Forse un’altra pista di aeroporto, oltre a quella di oggi, parallela alla costa, forse un allungamento del porto satellite di Voltri Prà, sicuramente per il tempo di costruzione, un immane cantiere dove allestire questi cassoni alti, appunto trenta metri, pronti per essere poi trasportati e affondati lungo la linea della nuova diga.
E’ complessivamente una trasformazione enorme che arriva in una città che non ha gli spazi delle capitali marittime del Nord Europa, stretta come è tra quella costa già “divorata” e le montagne alle spalle. Con difficoltà storiche a organizzare i collegamenti tra le attività civili di trasporto e quelle portuali.
Da una parte ci sono, a fianco del committente, il presidente del Porto, Paolo Emilio Signorini, la determinazione del sindaco Marco Bucci , l’uomo che ricostruito il ponte Morandi in 18 mesi, quella delle altre istituzioni liguri e nazionali, il presidente della Regione Toti e il viceministro delle Infrastrutture Edoardo Rixi. Tutti mobilitati per far partire la Diga subito.

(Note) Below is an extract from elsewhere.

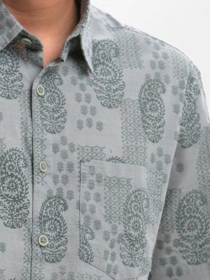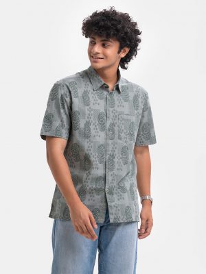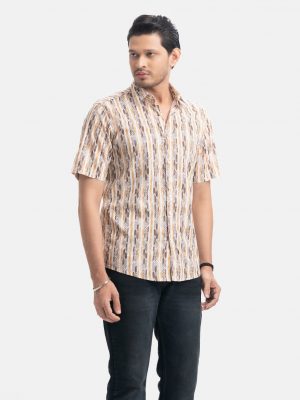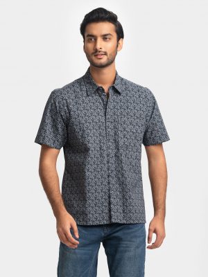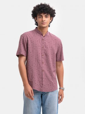 Purple Jacquard Rayon Short Sleeve Casual Shirt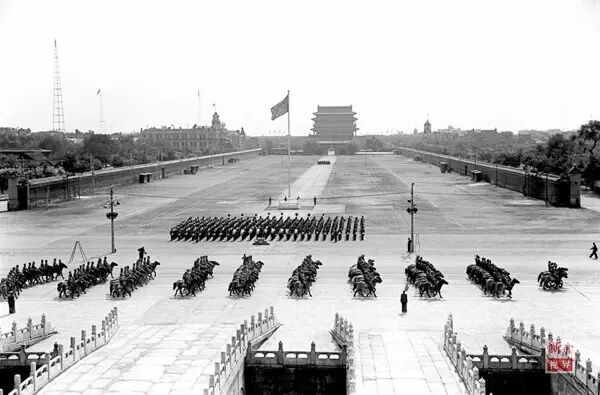 ↑国庆一周年阅兵式上,中国人民解放军骑兵部队通过天安门广场。 新华社记者齐观山摄

E dall’altra ci sono le perplessità, in verità non molto espresse, per una operazione così invasiva, lunga, in qualche modo esplosiva.
Soprattutto se la si lega all’altra opera che sta partendo e che prevede la costruzione di un tunnel subportuale a quattro corsie, che dovrebbe essere realizzato nel fondo del porto storico per collegare l’uscita dell’autostrada a Sampierdarena con la zona del waterfront di Levante, alla foce del fiume Bisagno, dove le ruspe stanno già lavorando da un anno per preparare un nuovo quartiere residenziale-commerciale, al posto della vecchia Fiera del Mare.
Genova cerca, dunque, il suo futuro sul fondo del suo mare, sfruttando quello spazio sommerso per crearsi un destino di accoglienza e di sviluppo, commerciale e civile.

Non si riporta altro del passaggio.